Monday, June 15, 2009

thoughts

With a MILLION things circling my head. Where do I start?

First off, the place I'm at is I don't trust anybody. I don't like being here. I've taken a few steps back in this area. I feel like 'who could I trust?' Wondering if people are the real deal. And considering that we are all humans, we don't even know what the real deal is anyway, so it's impossible to be the real deal. Our self deception is so sick and creepy that we don't even know the messes were in!

We were in life group last night, it was nice and freeing to be as real as I could. Which was just what I said. I figure that I might as well just call things as they are, instead of decieving myself too. Which I probably am. How will I move forward if I won't acknowledge what's there to deal with. I think before my spiritual pride would keep me from this. Afraid to share what I was really thinking, in fear that someone would think that I'm weak, or not growing, moving up the "maturity ladder"

Not interested in any sort of ladder at this point. Just wanting real peace, real life and real relationships. Although the relationship part will be hard to get to since I won't let anyone in. It's much safer in a closed cell. It seems to me, my experience anyway, that whenever I draw conclusions, it turns out I'm WAY off!

Thanks to L for being around, there in the backgroud. I love you and am so glad you;'re in my life.

8 comments:

Anonymous said...

Wow that is one condensed little package of thoughts and info! Spiritual ladder, eh?...yah I haven't found a solution to that mindset yet either...

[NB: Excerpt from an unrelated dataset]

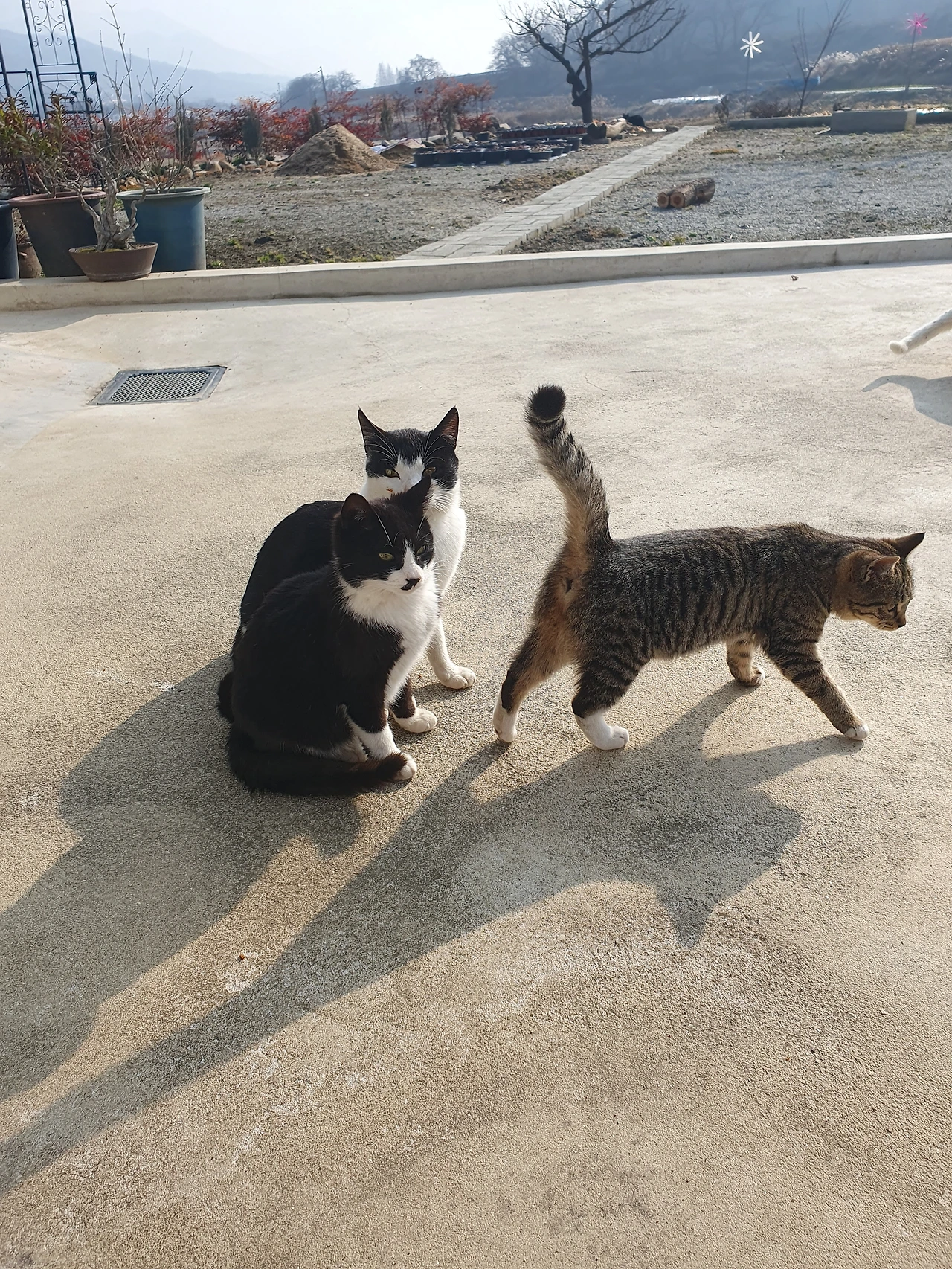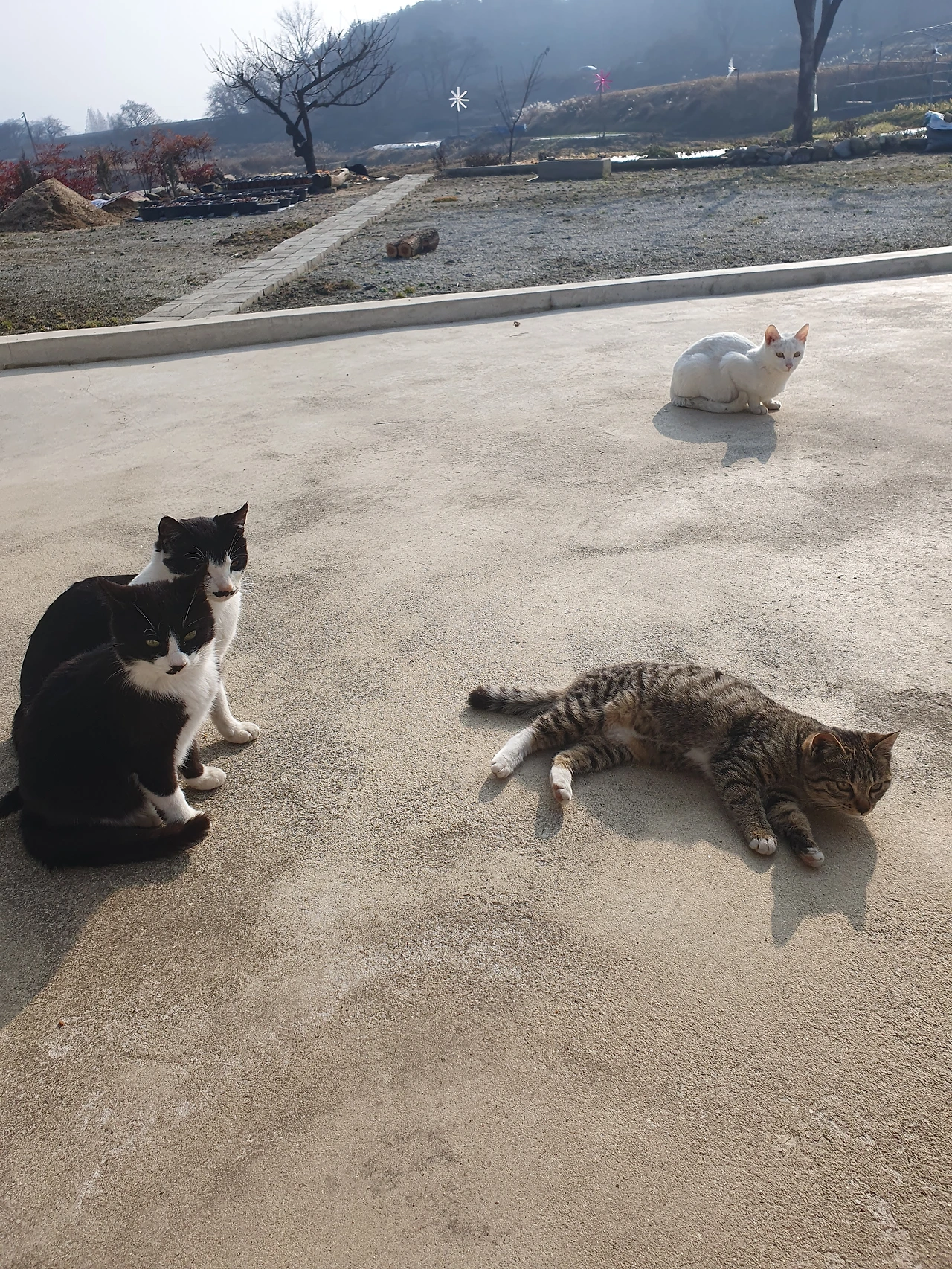 그리고 따뜻한 1시~2시 시간대에는 강아지와 거의 매일 산책을 하고 거의 집냥이 같은 마당냥이 애교를 봤다.

And another thought, I think your revelation about not trusting virtually anyone right now is huge. I'm sure most, if not all of us, struggle with that but never have the ability to actually nail it down and speak it out loud like you just did. How much do you think this is related to your questions about "why we do church"? If we say we can only trust God and not the people around us, it makes it a lot easier to stick only with God and not meet with other believers who struggle just as much as we do.

Trev and Rebekah said...

Real and authentic relationships are what I long for. I am thankful for the few that I have in my life.
Thinking of you Sarah.
Hugs

Princess Warrior said...

We are a messed up bunch of people aren't we. I'm glad we are in the same family and going along this crazy path together. Thanks for your organizing work for the Boogie.

Fear is a mirage said...

Crap I say not what you wrote I just here this and wish I could be with you hanging out and being real together. girl I knew you had it in you. This is the person I longed to know when I was there.
but at the same time I say you my friend are real. and I like this and at least I can read about it.
Trust is a hard thing. It takes time is all I can say. time and time.. We learn through time who we can really trust and who truly is going to be there even through the ugliness. but for me I think the ugliness is so beautiful oh my Gosh so beautiful cause it is realism.
Which is where it is at. I think we suck in the aspects of friends and the church in that sort of thing. we say we will be there we say we are loving and excepting but are we judgmental in the realness.
We need to break free from that.. Look at david that is what I say to all look at him frick he danced naked in the streets how real is that. he has done so many nasty things but in his realness God was proud of him.
I work in addiction as a counselor and I love when things look ugly as that is when the walls come down and I see the realness of the ones I work with. put love in front of all things what does that look like. hmm do we really understand that as the church or do we have a idea of how we should all look and try to fit everyone in that box. Hey if you ever want to come out for a visit I am here if you ever want to call I am here. love ya always have and I am so glad to see you walk out the truth of where you are at keep it real girl

Unknown said...

hey care bear

I think most of us have child like faith, if God says jump, I say how high.
You seem to think through things differently, digging deeper through harder issues.
Like in the Boogie, it didnt matter what race we were on, weather we walked ran or crawled across the finish line. It didnt matter how much water you needed, how many bandages you required, it only mattered if you crossed the finish line.
Our life with God requires faith and enduring through the journey it is all about finishing the journey, we need to be ready cause we do not know the time in which we will leave this earth. Keep having faith and keep walking and running towards JESUS.

Fear is a mirage said...

thanks girl

Anonymous said...

Hi Sweetie, Are you ever a work of art. You are being torn only to be rebuilt, inprisoned only to be freed, crippled only to be healed, dieing only to live, so that the Lord is glorified in you. I stand amazed as ever. Nelda

Trev and Rebekah said...

The words to "Trading My Sorrows" is in my head.